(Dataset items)

Start of Block

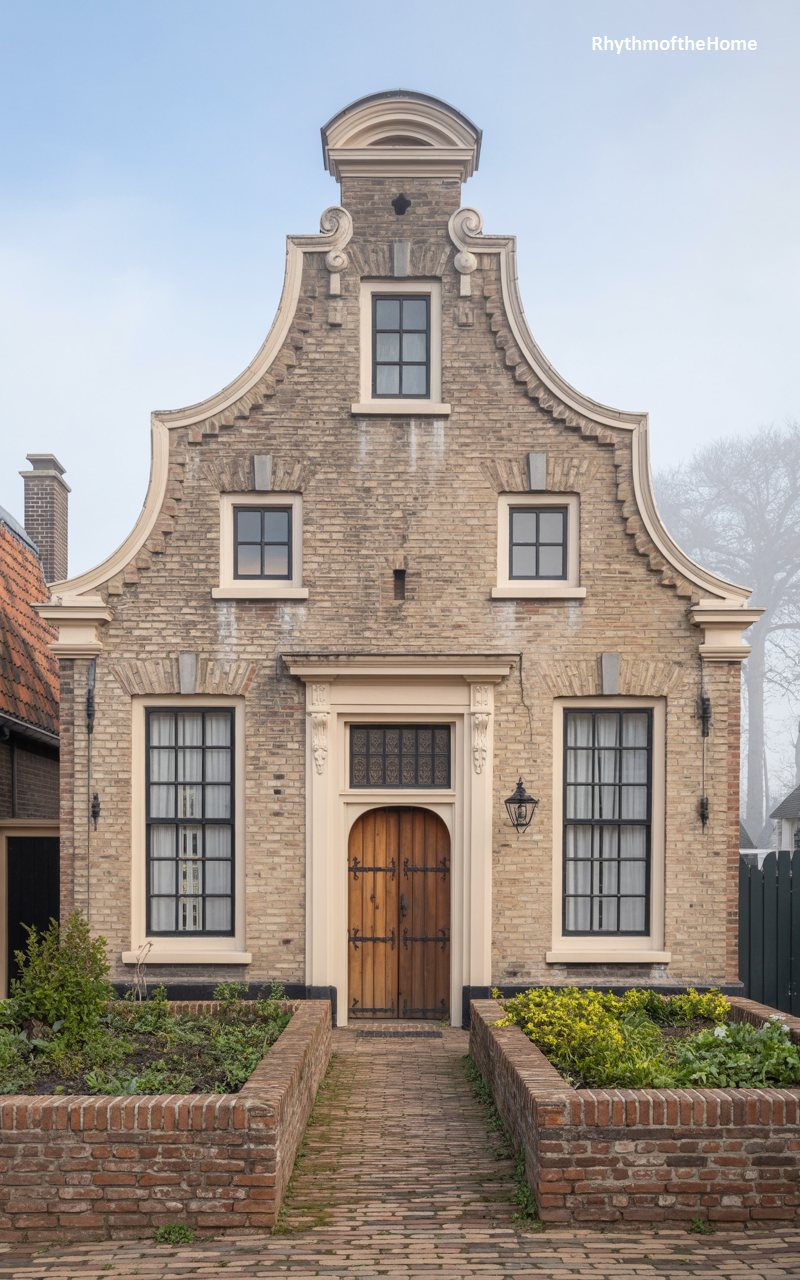 This distinctive brick home features a dramatic, shaped gable that soars upward, culminating in a decorative curved pediment. The brickwork is varied in tone, creating a rich, aged patina that speaks of history. The facade is marked by a playful arrangement of windows—smaller square ones at the top and tall, narrow ones flanking the entrance. The wooden front door is arched and heavy with iron hinges, set within a cream stone surround. Raised brick planters filled with greenery frame the entrance path, grounding the verticality of the architecture. It is a unique, character-filled structure that feels plucked from a historic Dutch village.
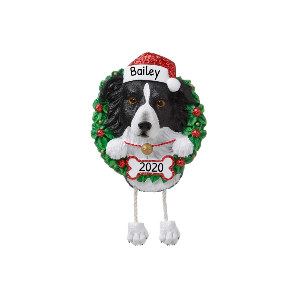 Personalized Dog Christmas Ornaments 2024 - Dog Wreath Border Collie for Dog Lovers Dogs First Christmas Ornament 2024 Customized Dog Gifts
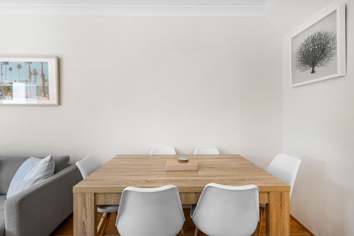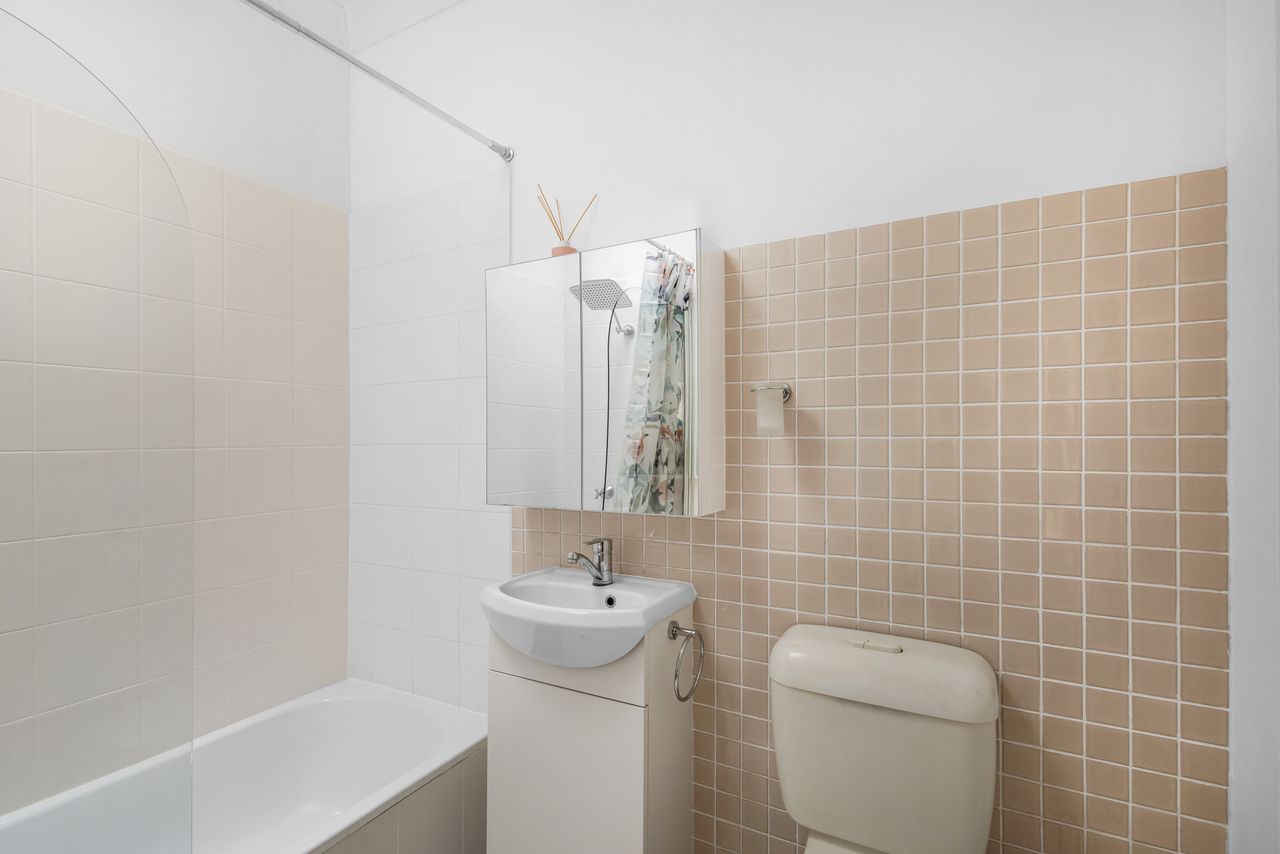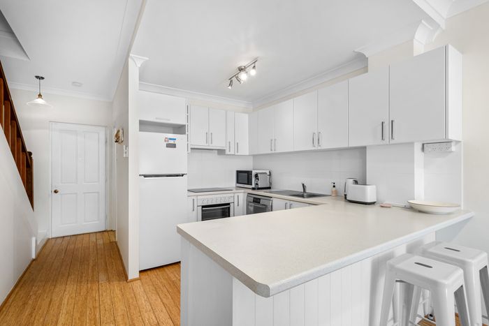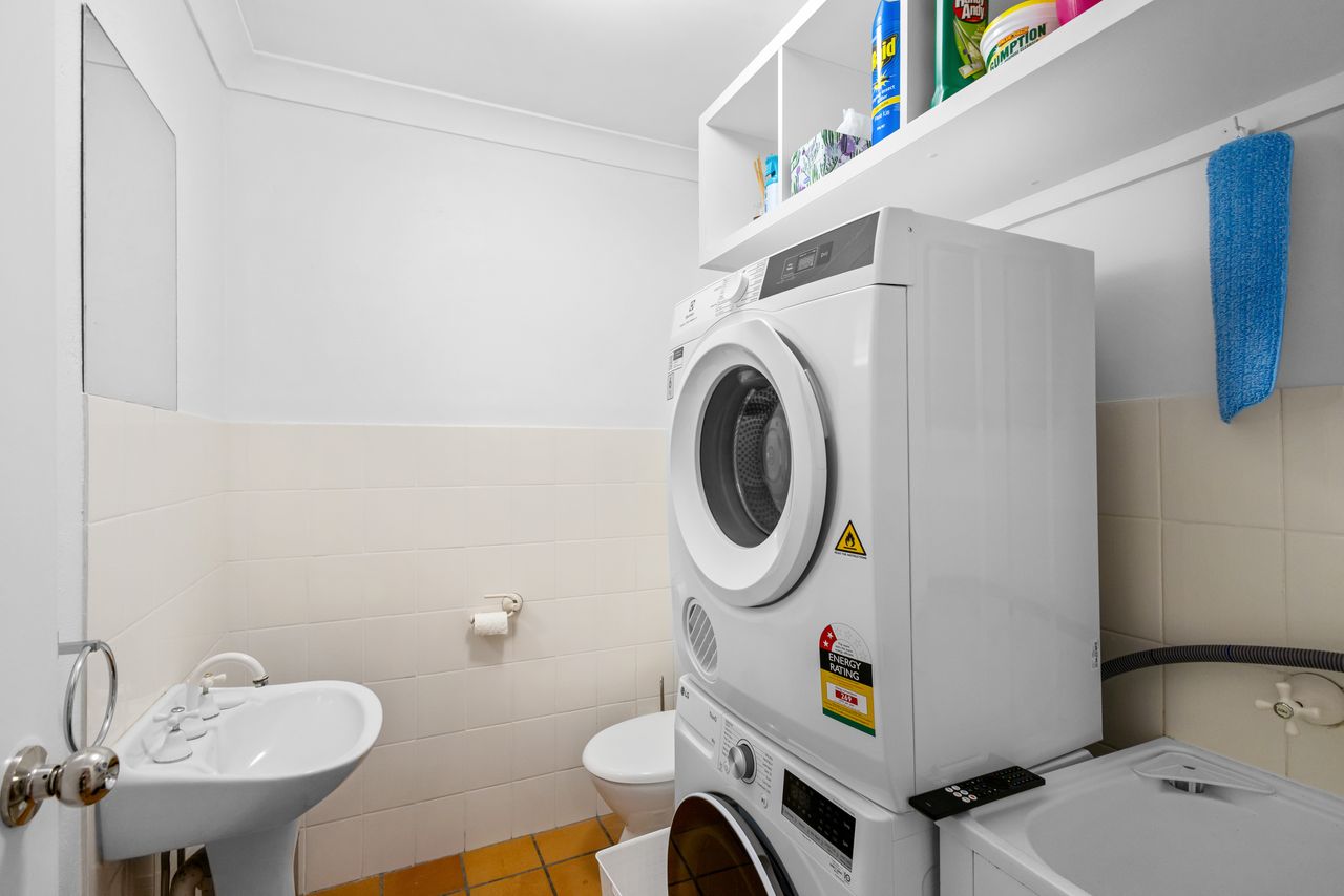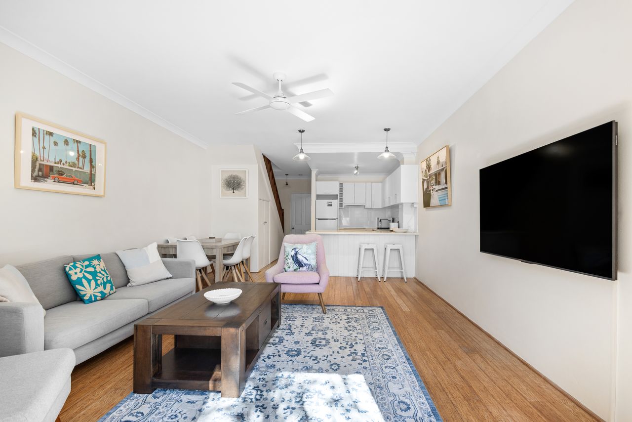 Upstairs, two generous bedrooms provide restful sanctuaries, with the master bedroom enjoying access to a covered balcony that overlooks the leafy north-facing courtyard. The shared bathroom is thoughtfully positioned between both bedrooms, and a downstairs powder room adds extra convenience.
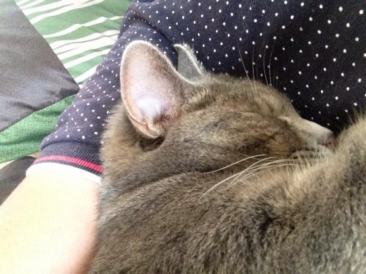 下僕の脇の下がお気に入りらしく、この猛暑のなかピッタリフィット…
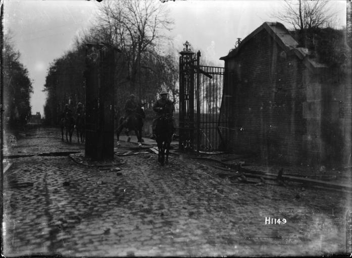 | Keywords: blackandwhite monochrome outdoor black and white New Zealand Divisional Commander, Major General Russell, entering Le Quesnoy, France, on horseback, in the early morning after its capture during World War I. Shows him riding through The Flamengrie (Flemish) Gate of the city after coming from the railway station. Photograph taken on the 5th of November 1918 by Henry Armytage Sanders. Inscriptions: Inscribed - Marginal notes on negative -bottom left: H1149. Quantity: 1 b&w original negative(s). Physical Description: Dry plate glass negative 4 x 5 inches New Zealand Divisional Commander entering Le Quesnoy, France, after its capture during World War I. Royal New Zealand Returned and Services' Association :New Zealand official negatives, World War 1914-1918. Ref: 1/2-013702-G. Alexander Turnbull Library, Wellington, New Zealand. natlib.govt.nz/records/23198559 New Zealand Divisional Commander, Major General Russell, entering Le Quesnoy, France, on horseback, in the early morning after its capture during World War I. Shows him riding through The Flamengrie (Flemish) Gate of the city after coming from the railway station. Photograph taken on the 5th of November 1918 by Henry Armytage Sanders. Inscriptions: Inscribed - Marginal notes on negative -bottom left: H1149. Quantity: 1 b&w original negative(s). Physical Description: Dry plate glass negative 4 x 5 inches New Zealand Divisional Commander entering Le Quesnoy, France, after its capture during World War I. Royal New Zealand Returned and Services' Association :New Zealand official negatives, World War 1914-1918. Ref: 1/2-013702-G. Alexander Turnbull Library, Wellington, New Zealand. natlib.govt.nz/records/23198559 |

End of Block

■ **Description of the task**:
When copying from the data above, print only the lines from the line containing "Upstairs, two generous" to the line containing "下僕の脇の下がお気に入りらしく、この猛暑のなかピッタリフィット…", exactly, and leave the pictures out.

■ **Written reply**:
 Upstairs, two generous bedrooms provide restful sanctuaries, with the master bedroom enjoying access to a covered balcony that overlooks the leafy north-facing courtyard. The shared bathroom is thoughtfully positioned between both bedrooms, and a downstairs powder room adds extra convenience.
 下僕の脇の下がお気に入りらしく、この猛暑のなかピッタリフィット…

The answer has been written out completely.